Methods: Twenty-nine vestibular neuritis patients were enrolled between January 2017 and June 2017. Vestibular function tests, comprising the caloric and video head impulse tests and vestibular-evoked myogenic potential measurements, were performed. Precontrast, 10-minute, and 4-hour delayed-enhanced 3D-FLAIR MR images using double-dose IV gadolinium were obtained. After laterality and extent of inner ear enhancement were defined, the patients were divided into groups based on the patterns of enhancement, and clinical parameters were analyzed according to the groups.
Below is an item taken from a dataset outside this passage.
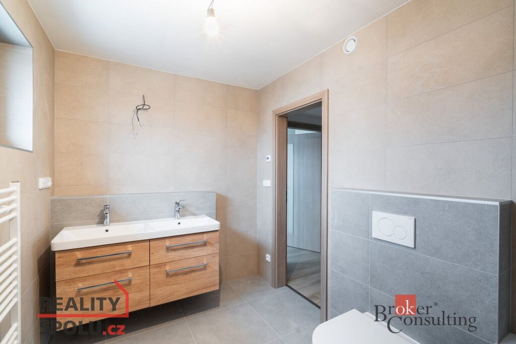Jedná se o zděnou stavbu (Ytong) se dvěma nadzemními podlažími. Tato novostavba o dispozici 5+kk se nachází na pozemku o rozloze 665 m2, přičemž celková plocha domu činí 164,8 m2. V přízemí se nachází prostorný obývací pokoj spojený s kuchyní (41,1 m2) a vstupem na terasu (40 m2), dále je zde místnost, která může sloužit jako pokoj pro hosty či pracovna (11,8 m2), koupelna se záchodem (4,6 m2), technická místnost (2,9 m2) a ještě jedna menší místnost pod schody (4,0 m2). V prvním patře jsou dva pokoje s vlastní šatnou (17,8 m2 a 16,0 m2), dále ložnice (16,0 m2) se samostatnou šatnou (3,0 m2) přes chodbu a také druhá koupelna (6,1 m2). Jistě také oceníte pudní prostor o velikosti cca 40 m2.

Results: Twenty patients (20 of 29, 69.0%) had obviously asymmetric enhancement of the affected inner ear structures on 4-hour delayed images, whereas only three patients (10.3%) had marked enhancement on 10-minute delayed images. The duration of spontaneous nystagmus (DurSN) was significantly longer in the patients with enhancement, especially with enhancement of the whole inner ear, including the vestibule and semicircular canals (P < 0.033). Spontaneous nystagmus resolved within 12 days in patients without laterality of enhancement, and within 16 days in ipsilesional enhancement confined to the inner auditory canal and fundus. Other results of vestibular function tests did not reveal any significant associations with MR enhancement.
Conclusions: Contrast enhancement of the vestibular nerve and inner ear structures can be identified on 4-hour delayed-enhanced 3T 3D-FLAIR MR images in acute vestibular neuritis. The extent of inner ear enhancement may be associated with the DurSN.
Level Of Evidence: 4. Laryngoscope, 1946-1951, 2018.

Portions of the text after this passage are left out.